Article Text
Abstract
Background and Objectives In order to reduce the surgical stress on the heart, anesthesiologists frequently use regional anesthesia in patients with coronary artery disease.
Methods Two patients underwent reconstructive peripheral vascular surgery under continuous epidural anesthesia with bupivacaine. During the surgery and later in the recovery room, they received continuous electrocardiographic (ECG), invasive arterial blood pressure, and oxyhemoglobin saturation monitoring.
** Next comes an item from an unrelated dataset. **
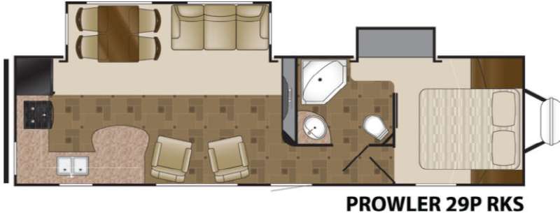 Prowler Travel Trailer w/Rear Kitchen Including Refrigerator, 3 Burner Range, Dbl. Kitchen Sink, Counter Space, Overhead Cabinets, Free Standing Dinette & Sofa Slideout, 2 Lounge Chairs, Ent. Center, Side Aisle Bath Including Angle Shower, Sink, Toilet, Entry From Hall & Bedroom, Front Queen Bed w/Closets Both Sides of Bed, Slideout Wardrobe and Much More!
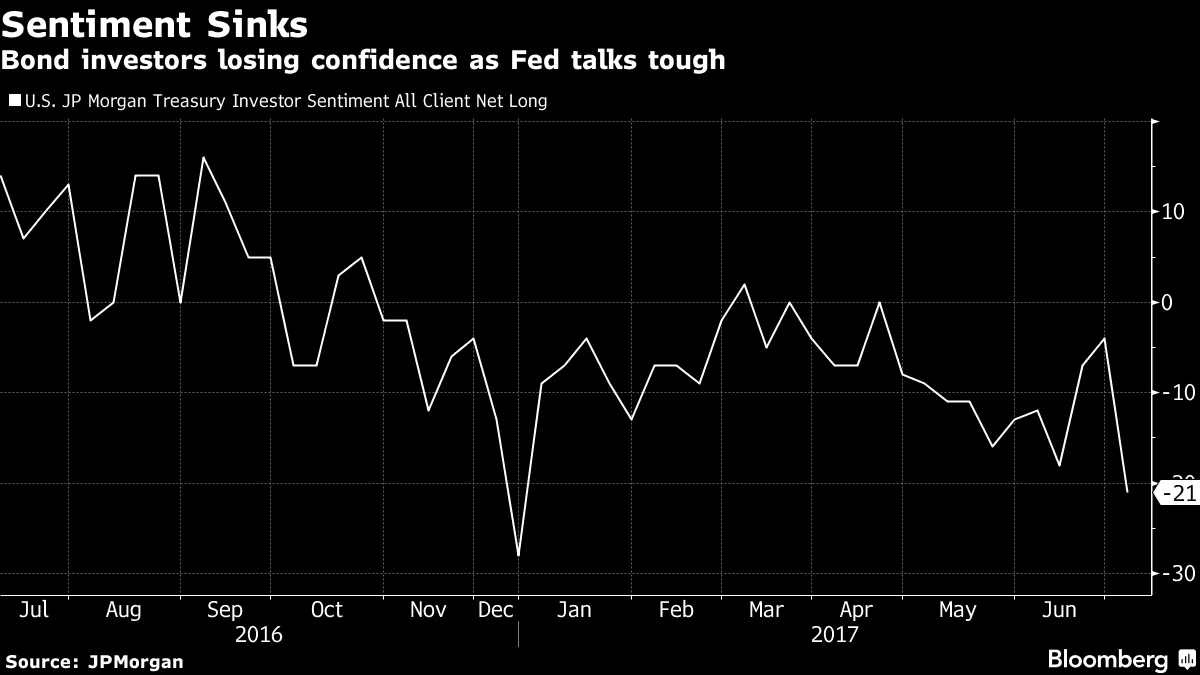 根据瓦努奇的说法,今年VIX期权的交易量激增,平均每天几乎有680,000份合约成交。每交易一份看跌期权,几乎有2.7份看涨期权交易,这是自2007年以来的最高水平。看涨期权与看跌期权的比例约为4比1,是自2014年9月以来的最高水平。**所有积极的债券情绪发生了什么?**债券市场的波动性可能相对较低,但这并不意味着投资者看涨。摩根大通对固定收益投资者的每周调查显示,情绪已降至今年的最低水平。尽管最近的通胀数据低于预期,但美联储官员最近几周表示,他们对消费者价格将很快加速上涨充满信心,因为经济处于充分就业状态,这为进一步加息提供了理由。即使不然,一些中央银行官员表示,目前的宽松金融条件和资产价格上涨也需要更多的加息。这可能有助于解释基准10年期国债收益率从6月26日的2.12%上升至2.33%。美联储主席珍妮特·耶伦上个月表示,使用传统指标如市盈率来看,资产估值“显得有些高”。周三发布的美联储上次会议的会议纪要显示,金融条件在会议上进行了讨论,一些与会者认为“投资者的风险承受能力增加”可能正在推高资产价格,而其他人则表示担忧“市场波动性低”可能导致金融稳定风险。

Results In both patients, the anesthetic course during surgery was uneventful, but while recovering from the anesthesia, they developed ECG changes consistent with myocardial ischemia, followed by malignant dysrhythmias and cardiac arrest. The clinical pictures, ECGs, coronary angiogram, and (in one patient) autopsy findings suggested coronary artery spasm as the cause of the malignant dysrhythmias and cardiac arrests.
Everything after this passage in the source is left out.